→ **Work instruction**:
Output the lines from the one holding "11.然后再翻個(gè)面,往上面刷上一" to the end of the entries that follow, exactly and only those, minus any pictures.

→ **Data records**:
↓
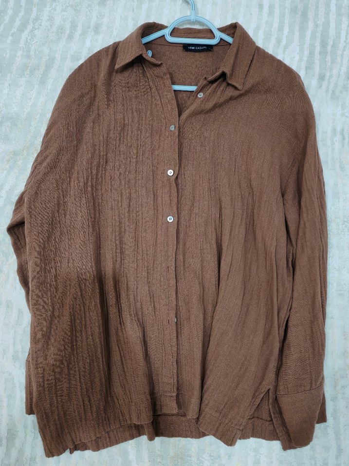 Düğmeli Kahverengi Kadın muslin gomlek
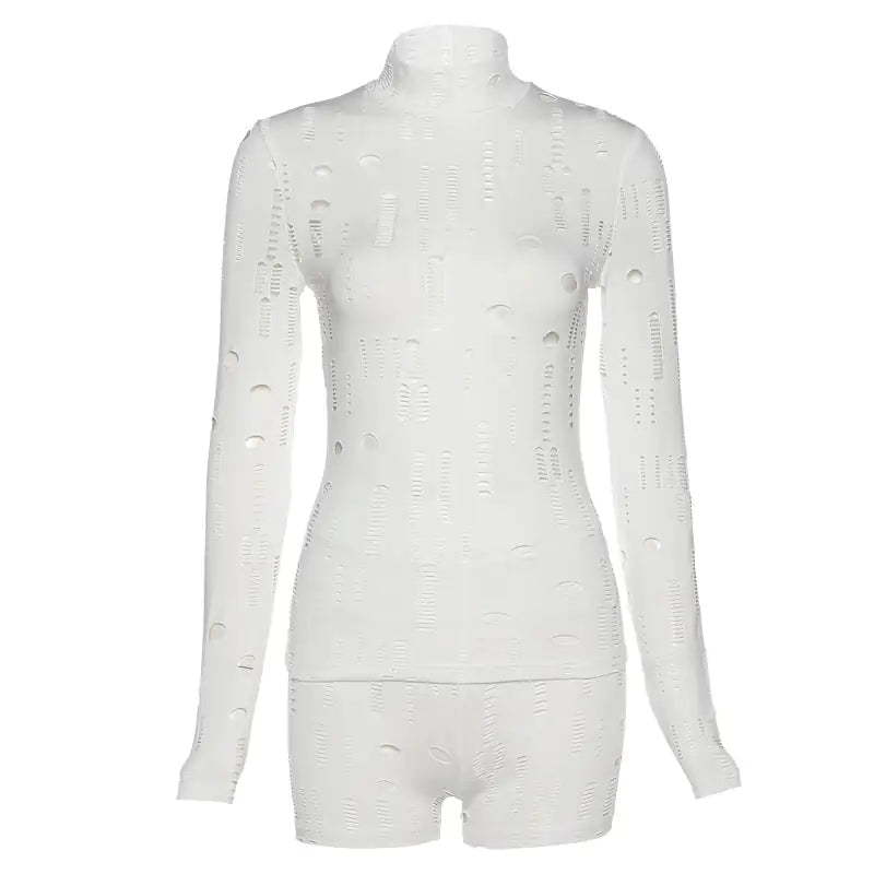 The Ultimate Gift for Fashion Icons: Searching for a gift that's both chic and playful? Look no further! Our Ripped Short Set with Long Sleeves is a surefire way to delight the trendsetter in your life – a stylish addition to any fashion-forward wardrobe.
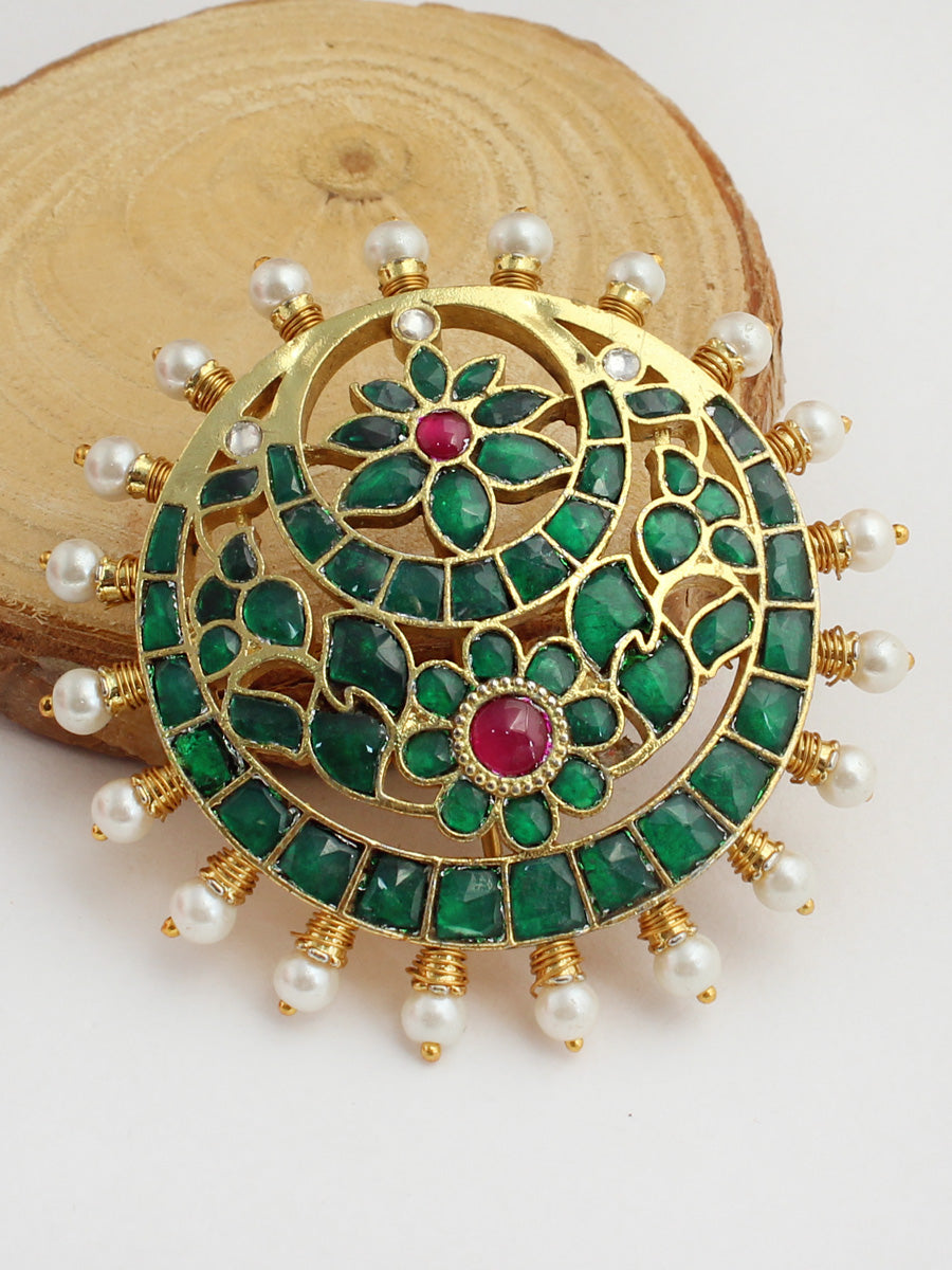 Gold plated hair bun pin studded with simulated pink, green kundans and faux pearls.
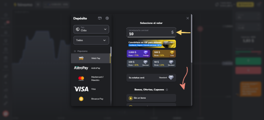 Paso 4: Posteriormente, ingrese la cantidad de su preferencia a depositar (cantidad mínima 8.000 Ch$) y haga clic en el botón amarillo “Depósito xxxxx Ch$”.
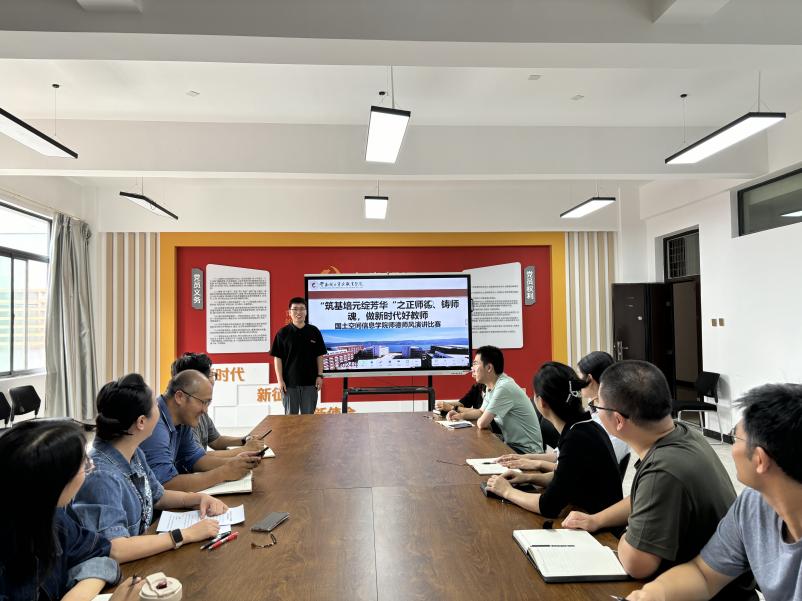为深入学习贯彻习近平总书记关于教育的重要论述,强化使命担当,大力弘扬教育家精神,持续推进教师思想政治和师德师风建设工作,充分展示新时代教师爱岗敬业,无私奉献的精神风貌,9月20日,学院党委牵头在勘物楼A609举办“筑基培元绽芳华”之“正师德、铸师魂,做新时代好教师”师德师风演讲比赛。
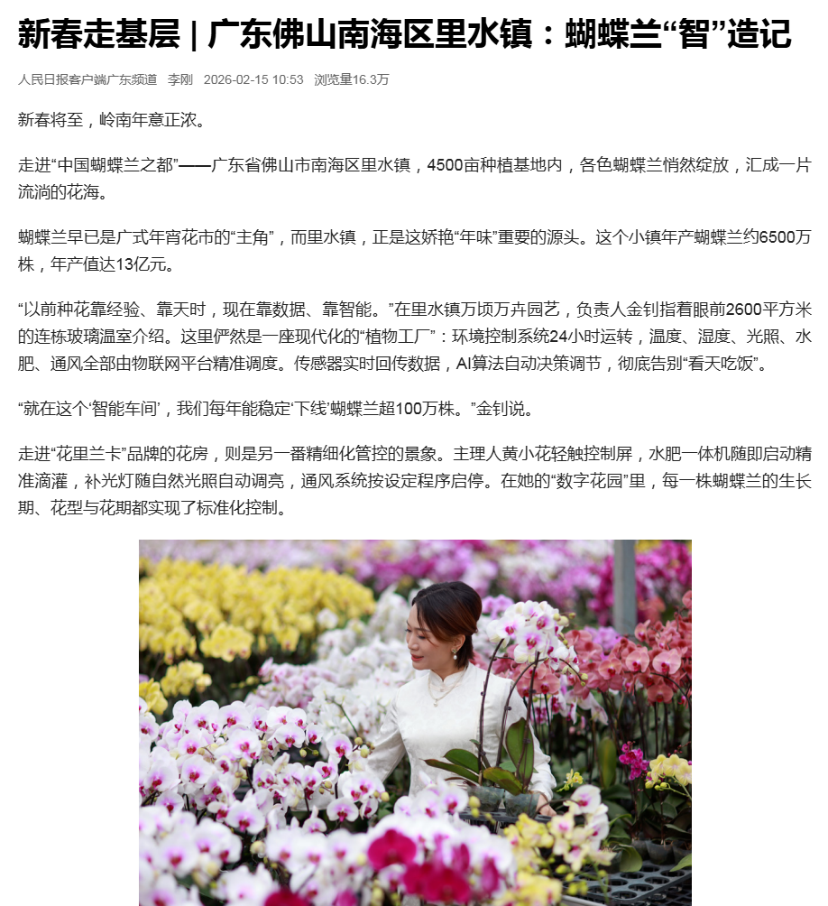 2月15日,人民日报客户端以《新春走基层|广东佛山南海区里水镇:蝴蝶兰“智”造记》为题,报道里水镇通过引入物联网、AI算法等智能化技术,推动蝴蝶兰产业从传统种植向现代化“植物工厂”转型,实现了年产值13亿元的富民增收大产业,为中国年添上一缕可复制、可推广的科技芬芳。
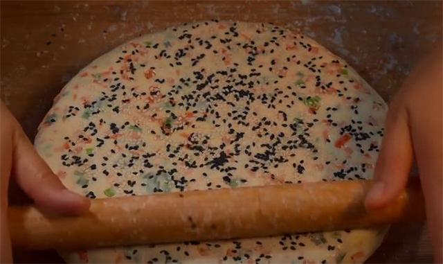 11.然后再翻個(gè)面,往上面刷上一層清水,再撒上一點(diǎn)黑白芝麻,用搟面杖輕輕壓一下,防止芝麻掉下來。
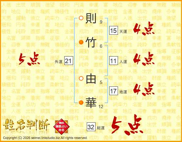 則竹由華さんの総運は32画の5点!
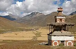 Chorten with barley fields; Tarap Valley in the southern part of Dolpa.
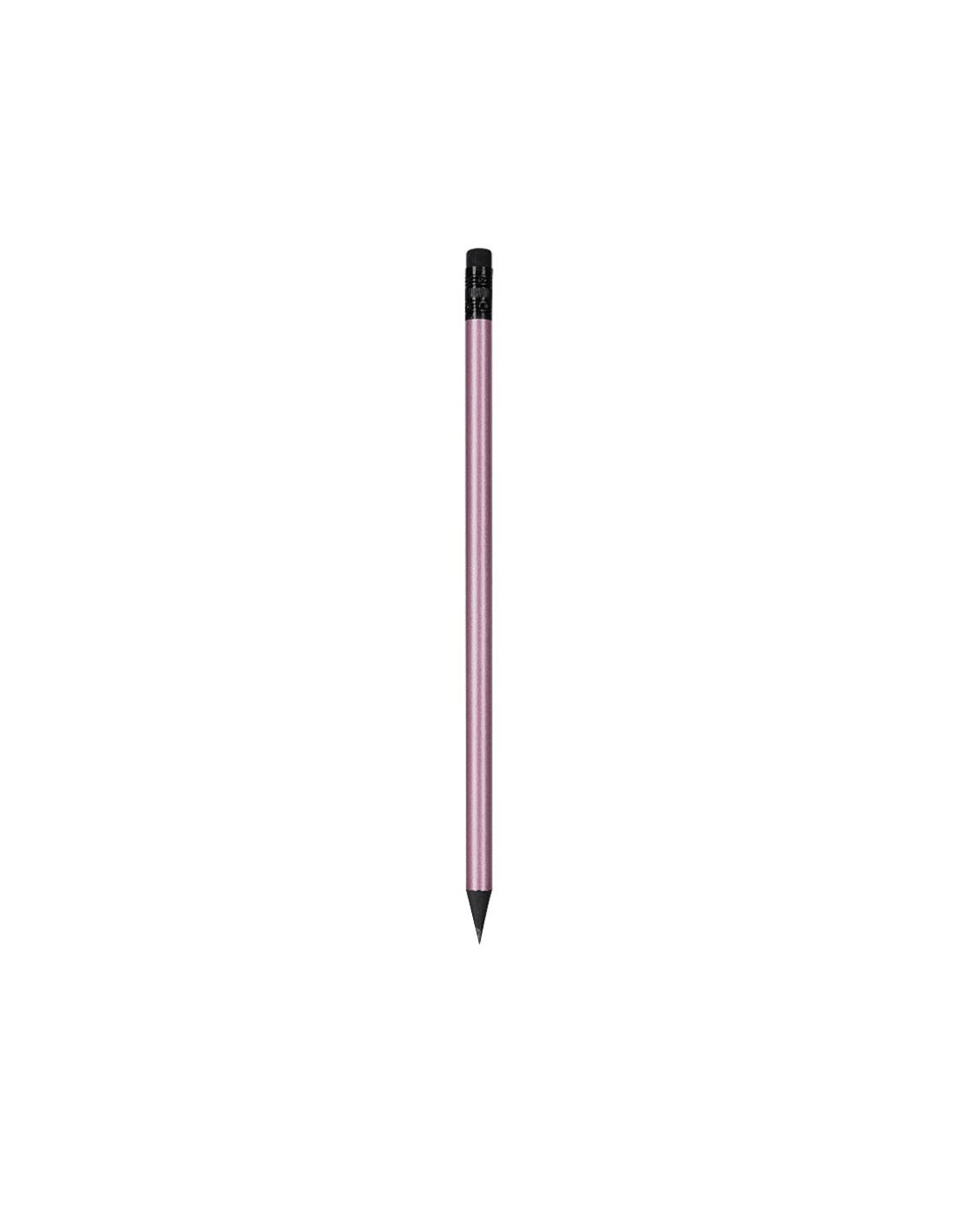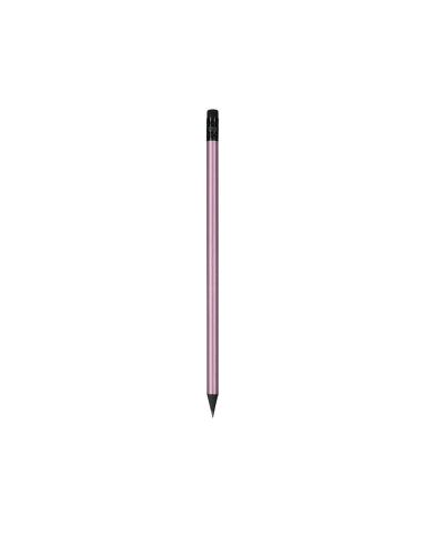 Lápiz de color metalizado con interior negro fabricado en madera. Incluye goma en color negro. Con mina negra y punta afilada.
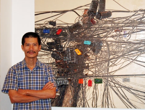 | Họa sĩ Nguyễn Ngọc Dân và tranh dây điện. Ảnh: Trần Nam Triệu. |
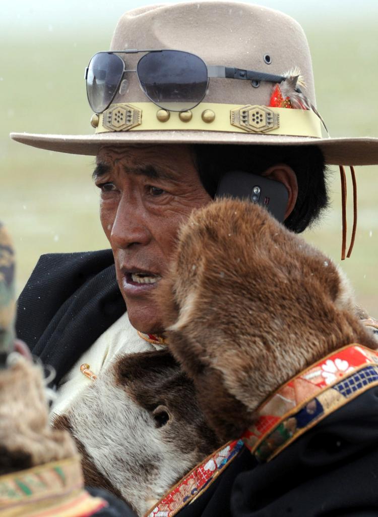 這是雙湖縣一位牧民使用手機打電話(2013年7月27日攝)。
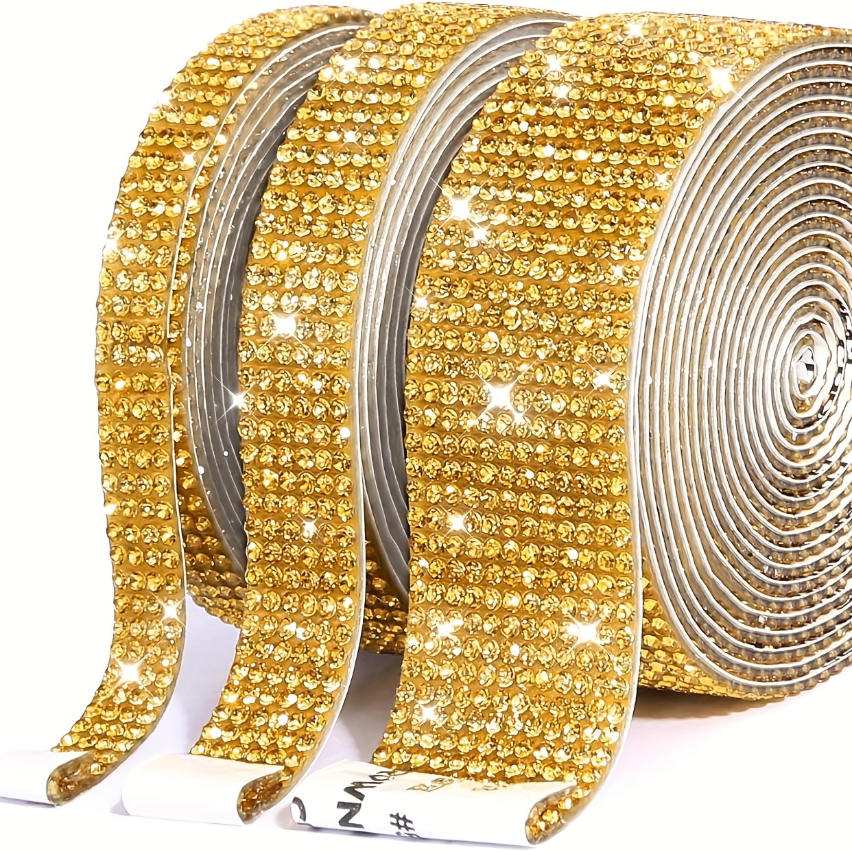 TEMU Golden Sparkle Rhinestone Ribbon Roll Set, 3-...
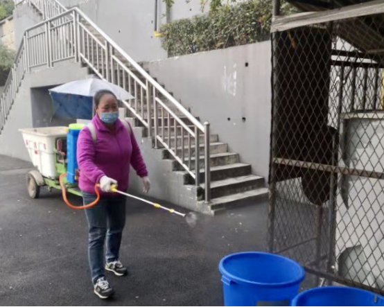 工作人员在校内开展消毒工作
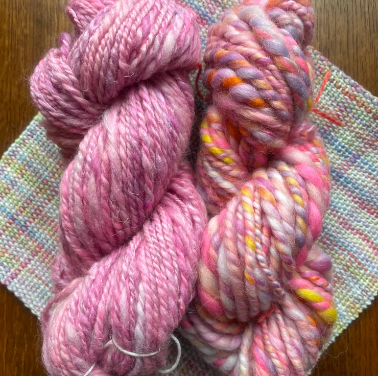 I love blending colours on my drum carder and spinning yarn that you can't buy in the shops! The real joy for me is in the blending and spinning, and I know how difficult and prohibitively expensive it can be to get set up with all of the supplies and equipment required to make art yarn like this, which is what motivates me to share it with you! Maybe you've been dreaming of making beautiful weavings but don't have the time to learn how to spin, that's where I come in <3
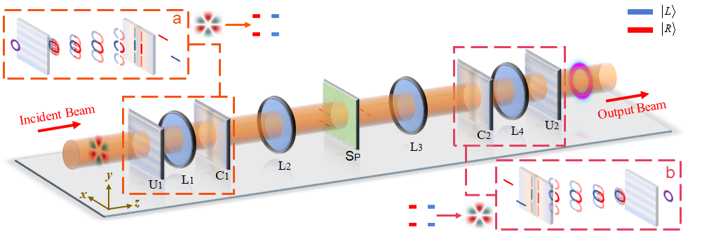 相关研究表明,旋转运动的物体携带角动量,而角动量不仅存在于宏观尺度的物体中,也存在于光子等微观粒子中。光子所包含的角动量有两种不同的形式:自旋角动量(SAM)和轨道角动量(OAM)。而光子总角动量(TAM)是傍轴近似下光子SAM与OAM的总和,它提供了两个自由度,在激光雷达、激光加工、光通信、光计算、量子信息等前沿领域应用前景广阔。光子TAM态的有效识别与按需控制是其应用的重要基础,然而现有光子TAM态识别方法仍存在动态范围有限、识别精度低等问题,且无法按需调控滤波,制约了其应用发展。
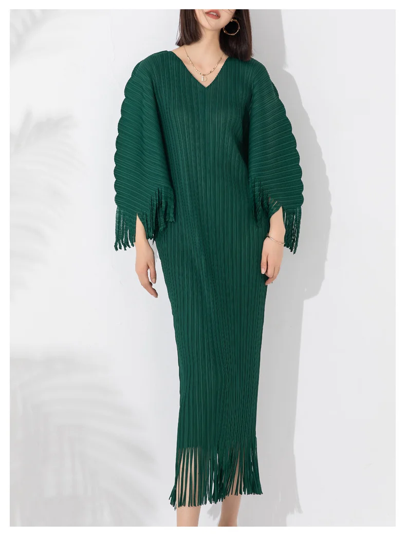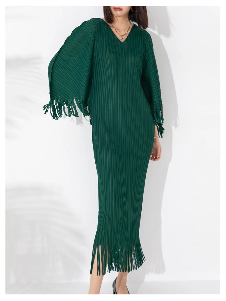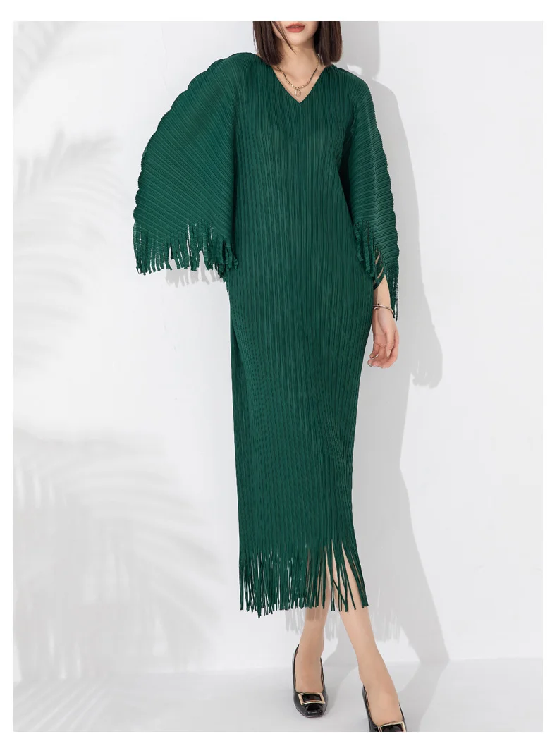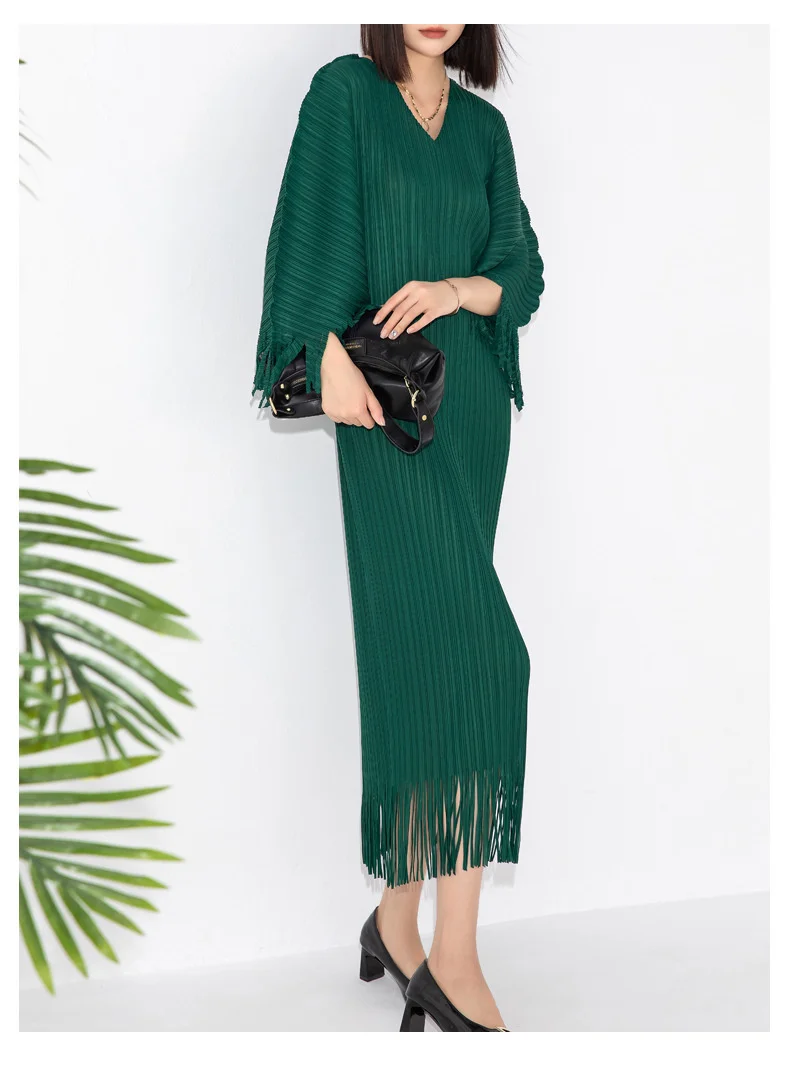 LANMREM Elegant Bat Sleeve Dress with Tassel Detail and V-neck - Festival Clothing for Women
↑
→ **Answer box**:
 11.然后再翻個(gè)面,往上面刷上一層清水,再撒上一點(diǎn)黑白芝麻,用搟面杖輕輕壓一下,防止芝麻掉下來。
 則竹由華さんの総運は32画の5点!
 Chorten with barley fields; Tarap Valley in the southern part of Dolpa.
 Lápiz de color metalizado con interior negro fabricado en madera. Incluye goma en color negro. Con mina negra y punta afilada.
 | Họa sĩ Nguyễn Ngọc Dân và tranh dây điện. Ảnh: Trần Nam Triệu. |
 這是雙湖縣一位牧民使用手機打電話(2013年7月27日攝)。
 TEMU Golden Sparkle Rhinestone Ribbon Roll Set, 3-...
 工作人员在校内开展消毒工作
 I love blending colours on my drum carder and spinning yarn that you can't buy in the shops! The real joy for me is in the blending and spinning, and I know how difficult and prohibitively expensive it can be to get set up with all of the supplies and equipment required to make art yarn like this, which is what motivates me to share it with you! Maybe you've been dreaming of making beautiful weavings but don't have the time to learn how to spin, that's where I come in <3
 相关研究表明,旋转运动的物体携带角动量,而角动量不仅存在于宏观尺度的物体中,也存在于光子等微观粒子中。光子所包含的角动量有两种不同的形式:自旋角动量(SAM)和轨道角动量(OAM)。而光子总角动量(TAM)是傍轴近似下光子SAM与OAM的总和,它提供了两个自由度,在激光雷达、激光加工、光通信、光计算、量子信息等前沿领域应用前景广阔。光子TAM态的有效识别与按需控制是其应用的重要基础,然而现有光子TAM态识别方法仍存在动态范围有限、识别精度低等问题,且无法按需调控滤波,制约了其应用发展。
 LANMREM Elegant Bat Sleeve Dress with Tassel Detail and V-neck - Festival Clothing for Women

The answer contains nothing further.